Exercise:
Please restate the records that follow word for word, omitting any images.

Information given:
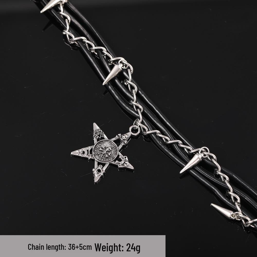 Кожаный Чокер с Пентаграммой в Темном Стиле - Панк Цепочка на Ключицы с Заклепками для Крутых Пар и Хип-Хоп Трендовых
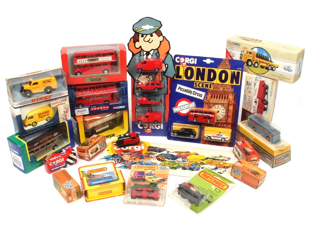on y retrouve notamment les marques : CORGI TOYS, MATCHBOX & DINKY TOYS - les boites sont en états de 'b' à 'c'
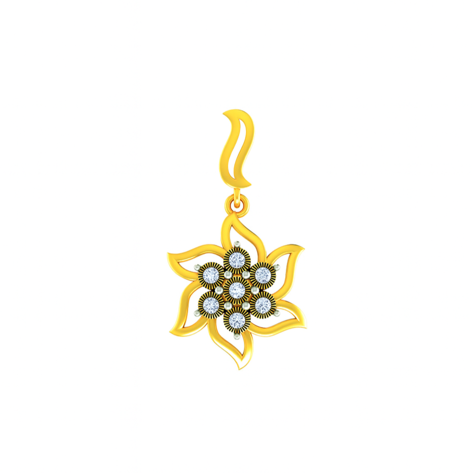 Inspired by the beauty of nature, this pendant features a blooming floral motif in radiant yellow gold, highlighted with sparkling white diamonds at the center of each petal. Its artistic design combines traditional charm with modern elegance, making it a versatile piece for all occasions.
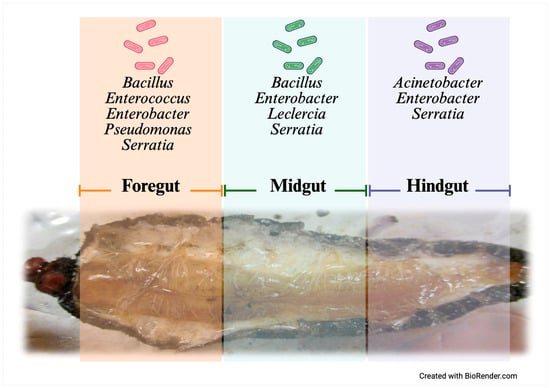 Although variability exists across taxa, the MG is often described as a primary digestive site in several Lepidopteran species, such as Bombyx mori and Helicoverpa armigera, housing microorganisms that may contribute to enzymatic digestion and the detoxification of plant metabolites [17,18,19]. These symbionts may enhance digestive efficiency and provide antimicrobial compounds that bolster immune defenses. For example, Bacillus, Enterobacter, and Pseudomonas have been identified as contributors to cellulose degradation and nutrient metabolism in Lepidopteran insects such as Helicoverpa armigera and Bombyx mori [18,19].
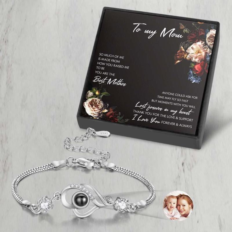 Dieses Armband kann Bilder werfen. Sie müssen nur die Fotos hochladen, die Ihnen gefallen, und wir werden sie sorgfältig erstellen. Dieses Armband ist mit überlappenden Herzen bedruckt und in zwei Farben erhältlich. Schönes Aussehen, leicht, sehr angenehm an der Hand zu tragen. Laden Sie ein Erinnerungsfoto auf das Armband hoch, um Ihnen dabei zu helfen, dieses Schöne zu bewahren und in Erinnerung zu behalten.
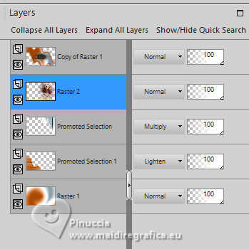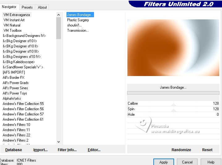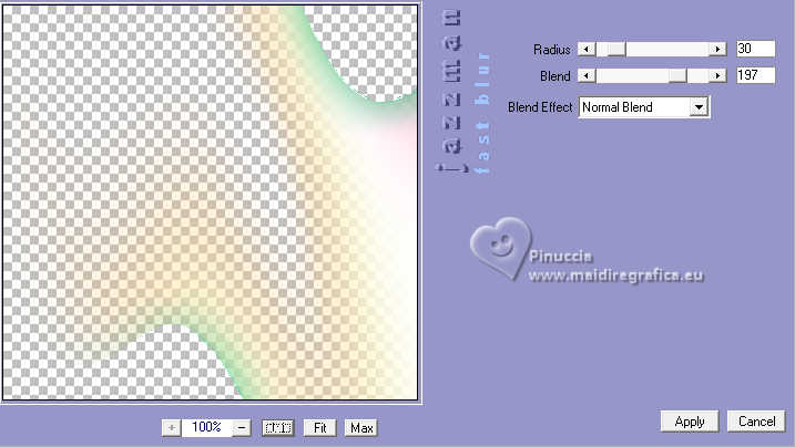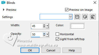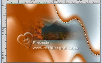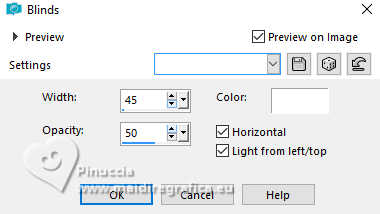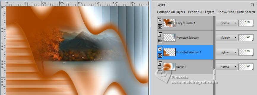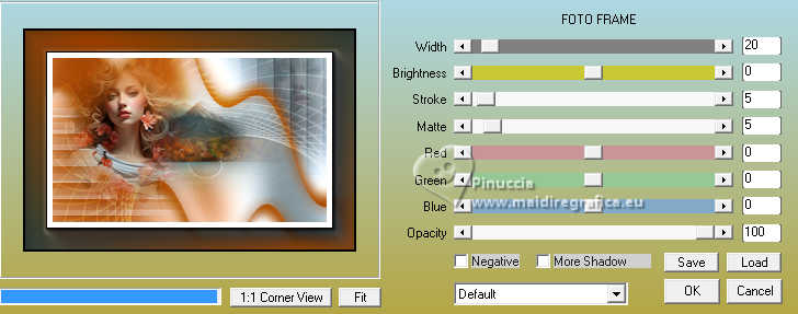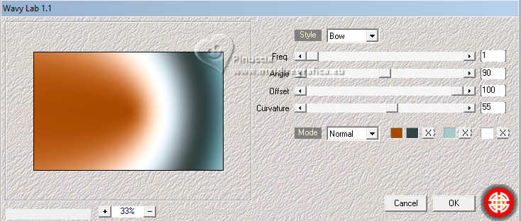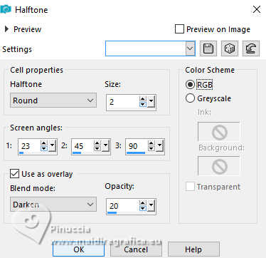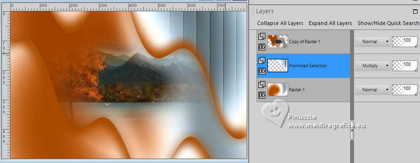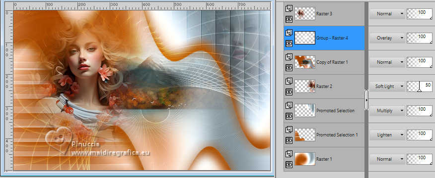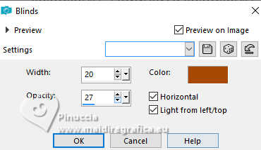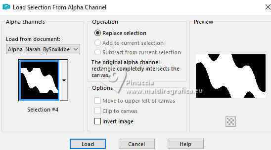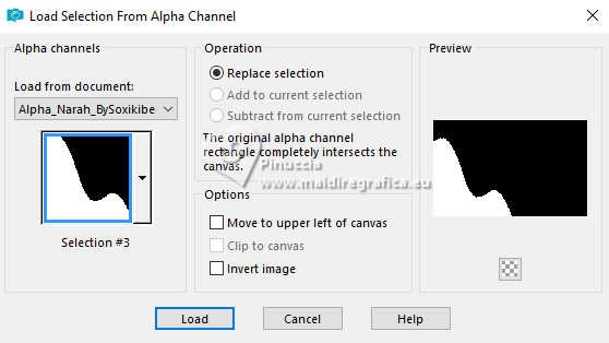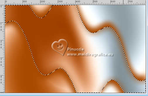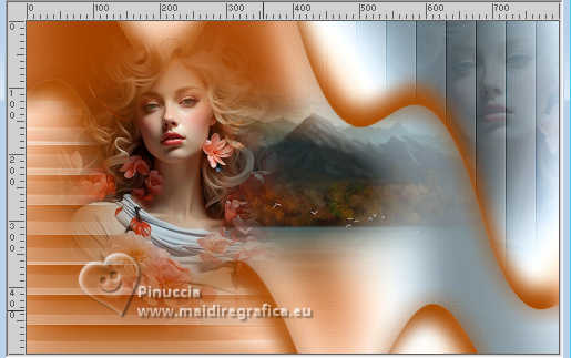 For this tutorial, you will need: ![]() Thanks for the tubes PqnaAlice and for the mask Narah. (The links of the tubemakers here). ![]() ![]() consult, if necessary, my filter section here Filters Unlimited 2.0 here Mehdi - Wavy Lab 1.1. here AAA Frames - Foto Frame here Art Effects - JazzMan's Fast Blur here added also in the material VM Extravaganza - James Bondage here Filters VM Extravaganza can be used alone or imported into Filters Unlimited. (How do, you see here) If a plugin supplied appears with this icon ![]() You can change Blend Modes according to your colors. In the newest versions of PSP, you don't find the foreground/background gradient (Corel_06_029). You can use the gradients of the older versions. The Gradient of CorelX here ![]() 1. Choose 4 colors to work. Set your foreground color to #334343, and your background color to #a74900. ![]() Color 3: #a6caca color 4: #ffffff. 2. Open Alpha_bySoxikibem Window>Duplicate or, on the keyboard, shift+D to make a copy. Close the original. The copy, that will be the basis of your work, is not empty, but contains the selections saved to alpha channel. Effects>Plugins>Mehdi - Wavy Lab 1.1. This filter creates gradients with the colors of your Materials palette. The first is your background color, the second is your foreground color. Change the last two colors created by the filtre: the third color with color 3 #a6caca and the fourth color with #ffffff. ![]() 3. Effects>Plugins>Filters Unlimited 2.0 - VM Extravaganza - James Bondage, default settings. ![]() 4. Layers>Duplicate. Effects>Geometric Effects>Skew. ![]() 5. Effects>Distortion Effects>Wave. ![]() 6. Effects>Plugins>Art Effects - JazzMan's Fast Blur. ![]() 7. Effects>Artistic Effects>Halftone. ![]() 8. Effects>3D Effects>Drop Shadow, background color. ![]() 9. Repeat Effects>3D Effects>Drop Shadow, background color. ![]() 10. Selections>Load/Save Selections>Load Selection From Alpha Channel. Open the selections menu and load the selection Selection #4 ![]() If all is ok, you should have this ![]() Open your landscape misted 153PaisagemByPqnaAlice ![]() Edit>Copy. Go back to your work and go to Edit>Paste as New Layer. Selections>Invert. Press CANC on the keyboard ![]() Selections>Select None. Adjust>Sharpness>Sharpen. Layers>Merge>Merge Down. 11. Activate the layer Raster 1. Selections>Load/Save Selections>Load Selection From Alpha Channel. The selection selection #2 is immediately available. You just have to click Load. ![]() Selections>Promote Selection to Layer. Effects>Texture Effects>Blinds, color white #ffffff. ![]() 12. Effects>Edge Effects>Enhance More. Change the Blend Mode of this layer to Multiply. Selections>Select None. ![]() 13. Activate the layer Raster 1. Selections>Load/Save Selections>Load Selection From Alpha Channel. Open the selections menu and load the selection Selection #3 ![]() Selections>Promote Selection to Layer. Effects>Texture Effects>Blinds, same setting but also Horizontal checked. ![]() 14. Effects>Texture Effects>Blinds - background color. ![]() Effects>Edge Effects>Enhance. Selections>Select None. Change the Blend Mode of this layer to Lighten. ![]() 15. Open the misted 1078MulherByPqnaAlice ![]() Edit>Copy. Go back to your work and go to Edit>Paste as New Layer. Layers>Arrange>Move Up. ![]() 16. Move the tube at the upper right.Change the Blend Mode of this layer to Soft Light and reduce the opacity to 50%. 17. Activate your top layer. Edit>Paste as new layer - the misted is still in memory. Image>Resize, if necessary - for the supplied tube to 70% - resize all layers not checked. Adjust>Sharpness>Sharpen. Move the tube to the left.![]() 18. Layers>New Raster Layer. Flood Fill the layer with color white #ffffff.Layers>New Mask layer>From image Open the menu under the source window and you'll see all the files open. Select the mask NarahsMasks_1771 ![]() Effects>Edge Effects>Enhance. Layers Merge>Merge Group. 19. Layers>Arrange>Move Down. Change the Blend Mode of this layer to Overlay. ![]() 20. For the borders, set again your foreground color to #334343 and keep your background color to #a74900 ![]() Set your foreground color to a Foreground/Background Gradient, style Linear. ![]() Image>Add Borders, 1 pixel, symmetric, foreground color. Image>Add borders, 3 pixels, symmetric, color white #ffffff. Selections>Select All. 21. Image>Add Borders - 50 pixels, symmetric, whatever color. Selections>Invert. Flood Fill the selection with your Gradient.22. Selections>Invert. Effects>3D Effects>Drop Shadow, color black #000000. ![]() 23. Selections>Invert. Effects>Plugins>AAA Frames - Foto Frame. ![]() Selections>Select None. 24. Open TituloNarah_ByXiki ![]() Edit>Copy. Go back to your work and go to Edit>Paste as New Layer. Pick Tool ![]() Pick Tool: Position X: 165,00 - Position Y: 435,00. ![]() Change the Blend Mode of this layer to Luminance (L), or to your liking. 25. Image>Resize, if you want. Sign your work and save as jpg. For the tubes of this version thanks Luz Cristina and Mentali ![]() ![]() Your versions. Thanks ![]() Marisella ![]() Lidia ![]() Jolcsi ![]() Baby ![]() Baby ![]() Marion ![]() ![]() If you have problems or doubts, or you find a not worked link, or only for tell me that you enjoyed this tutorial, write to me. |

Solution to this problem:
 Кожаный Чокер с Пентаграммой в Темном Стиле - Панк Цепочка на Ключицы с Заклепками для Крутых Пар и Хип-Хоп Трендовых
on y retrouve notamment les marques : CORGI TOYS, MATCHBOX & DINKY TOYS - les boites sont en états de 'b' à 'c'
 Inspired by the beauty of nature, this pendant features a blooming floral motif in radiant yellow gold, highlighted with sparkling white diamonds at the center of each petal. Its artistic design combines traditional charm with modern elegance, making it a versatile piece for all occasions.
 Although variability exists across taxa, the MG is often described as a primary digestive site in several Lepidopteran species, such as Bombyx mori and Helicoverpa armigera, housing microorganisms that may contribute to enzymatic digestion and the detoxification of plant metabolites [17,18,19]. These symbionts may enhance digestive efficiency and provide antimicrobial compounds that bolster immune defenses. For example, Bacillus, Enterobacter, and Pseudomonas have been identified as contributors to cellulose degradation and nutrient metabolism in Lepidopteran insects such as Helicoverpa armigera and Bombyx mori [18,19].
 Dieses Armband kann Bilder werfen. Sie müssen nur die Fotos hochladen, die Ihnen gefallen, und wir werden sie sorgfältig erstellen. Dieses Armband ist mit überlappenden Herzen bedruckt und in zwei Farben erhältlich. Schönes Aussehen, leicht, sehr angenehm an der Hand zu tragen. Laden Sie ein Erinnerungsfoto auf das Armband hoch, um Ihnen dabei zu helfen, dieses Schöne zu bewahren und in Erinnerung zu behalten.
 For this tutorial, you will need: ![]() Thanks for the tubes PqnaAlice and for the mask Narah. (The links of the tubemakers here). ![]() ![]() consult, if necessary, my filter section here Filters Unlimited 2.0 here Mehdi - Wavy Lab 1.1. here AAA Frames - Foto Frame here Art Effects - JazzMan's Fast Blur here added also in the material VM Extravaganza - James Bondage here Filters VM Extravaganza can be used alone or imported into Filters Unlimited. (How do, you see here) If a plugin supplied appears with this icon ![]() You can change Blend Modes according to your colors. In the newest versions of PSP, you don't find the foreground/background gradient (Corel_06_029). You can use the gradients of the older versions. The Gradient of CorelX here ![]() 1. Choose 4 colors to work. Set your foreground color to #334343, and your background color to #a74900. ![]() Color 3: #a6caca color 4: #ffffff. 2. Open Alpha_bySoxikibem Window>Duplicate or, on the keyboard, shift+D to make a copy. Close the original. The copy, that will be the basis of your work, is not empty, but contains the selections saved to alpha channel. Effects>Plugins>Mehdi - Wavy Lab 1.1. This filter creates gradients with the colors of your Materials palette. The first is your background color, the second is your foreground color. Change the last two colors created by the filtre: the third color with color 3 #a6caca and the fourth color with #ffffff. ![]() 3. Effects>Plugins>Filters Unlimited 2.0 - VM Extravaganza - James Bondage, default settings. ![]() 4. Layers>Duplicate. Effects>Geometric Effects>Skew. ![]() 5. Effects>Distortion Effects>Wave. ![]() 6. Effects>Plugins>Art Effects - JazzMan's Fast Blur. ![]() 7. Effects>Artistic Effects>Halftone. ![]() 8. Effects>3D Effects>Drop Shadow, background color. ![]() 9. Repeat Effects>3D Effects>Drop Shadow, background color. ![]() 10. Selections>Load/Save Selections>Load Selection From Alpha Channel. Open the selections menu and load the selection Selection #4 ![]() If all is ok, you should have this ![]() Open your landscape misted 153PaisagemByPqnaAlice ![]() Edit>Copy. Go back to your work and go to Edit>Paste as New Layer. Selections>Invert. Press CANC on the keyboard ![]() Selections>Select None. Adjust>Sharpness>Sharpen. Layers>Merge>Merge Down. 11. Activate the layer Raster 1. Selections>Load/Save Selections>Load Selection From Alpha Channel. The selection selection #2 is immediately available. You just have to click Load. ![]() Selections>Promote Selection to Layer. Effects>Texture Effects>Blinds, color white #ffffff. ![]() 12. Effects>Edge Effects>Enhance More. Change the Blend Mode of this layer to Multiply. Selections>Select None. ![]() 13. Activate the layer Raster 1. Selections>Load/Save Selections>Load Selection From Alpha Channel. Open the selections menu and load the selection Selection #3 ![]() Selections>Promote Selection to Layer. Effects>Texture Effects>Blinds, same setting but also Horizontal checked. ![]() 14. Effects>Texture Effects>Blinds - background color. ![]() Effects>Edge Effects>Enhance. Selections>Select None. Change the Blend Mode of this layer to Lighten. ![]() 15. Open the misted 1078MulherByPqnaAlice ![]() Edit>Copy. Go back to your work and go to Edit>Paste as New Layer. Layers>Arrange>Move Up. ![]() 16. Move the tube at the upper right.Change the Blend Mode of this layer to Soft Light and reduce the opacity to 50%. 17. Activate your top layer. Edit>Paste as new layer - the misted is still in memory. Image>Resize, if necessary - for the supplied tube to 70% - resize all layers not checked. Adjust>Sharpness>Sharpen. Move the tube to the left.![]() 18. Layers>New Raster Layer. Flood Fill the layer with color white #ffffff.Layers>New Mask layer>From image Open the menu under the source window and you'll see all the files open. Select the mask NarahsMasks_1771 ![]() Effects>Edge Effects>Enhance. Layers Merge>Merge Group. 19. Layers>Arrange>Move Down. Change the Blend Mode of this layer to Overlay. ![]() 20. For the borders, set again your foreground color to #334343 and keep your background color to #a74900 ![]() Set your foreground color to a Foreground/Background Gradient, style Linear. ![]() Image>Add Borders, 1 pixel, symmetric, foreground color. Image>Add borders, 3 pixels, symmetric, color white #ffffff. Selections>Select All. 21. Image>Add Borders - 50 pixels, symmetric, whatever color. Selections>Invert. Flood Fill the selection with your Gradient.22. Selections>Invert. Effects>3D Effects>Drop Shadow, color black #000000. ![]() 23. Selections>Invert. Effects>Plugins>AAA Frames - Foto Frame. ![]() Selections>Select None. 24. Open TituloNarah_ByXiki ![]() Edit>Copy. Go back to your work and go to Edit>Paste as New Layer. Pick Tool ![]() Pick Tool: Position X: 165,00 - Position Y: 435,00. ![]() Change the Blend Mode of this layer to Luminance (L), or to your liking. 25. Image>Resize, if you want. Sign your work and save as jpg. For the tubes of this version thanks Luz Cristina and Mentali ![]() ![]() Your versions. Thanks ![]() Marisella ![]() Lidia ![]() Jolcsi ![]() Baby ![]() Baby ![]() Marion ![]() ![]() If you have problems or doubts, or you find a not worked link, or only for tell me that you enjoyed this tutorial, write to me. |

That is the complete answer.